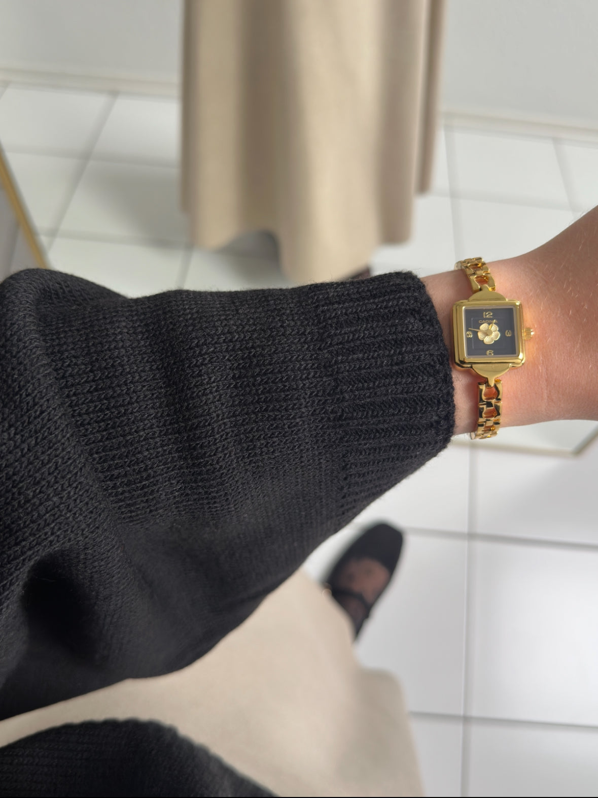 Für das Shooting wurde er mit dem Rock unseres Golden-Kaşe-Zweiteilers beige und dem Harmoni-Seidenschal in Gelb & Schwarz kombiniert.
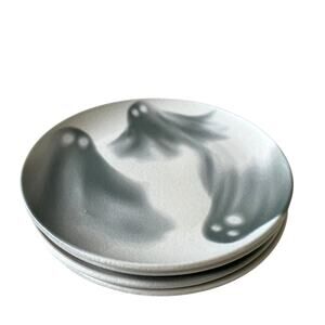 (4) Grammercy Studio Halloween Ghost Salad Plates 8in Matte White Black BOO New
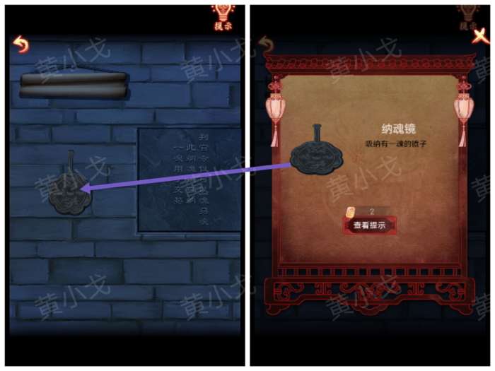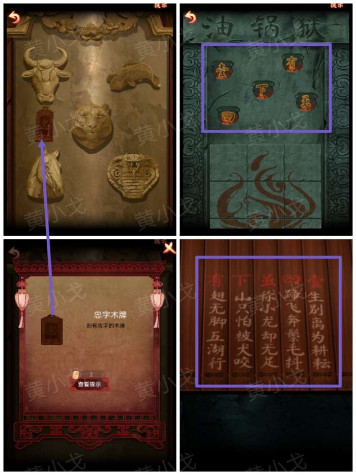 9.点击镜面,根据油锅狱石墙上的线索和竹简上的线索,调整兽首的位置;获得【忠字木牌】

▶ _Work order_
Copy the final stretch of lines, starting at the one that holds "(4) Grammercy Studio" and ending at the last line of the data, exactly; omit pictures.

▶ _The completed task_
 (4) Grammercy Studio Halloween Ghost Salad Plates 8in Matte White Black BOO New
 9.点击镜面,根据油锅狱石墙上的线索和竹简上的线索,调整兽首的位置;获得【忠字木牌】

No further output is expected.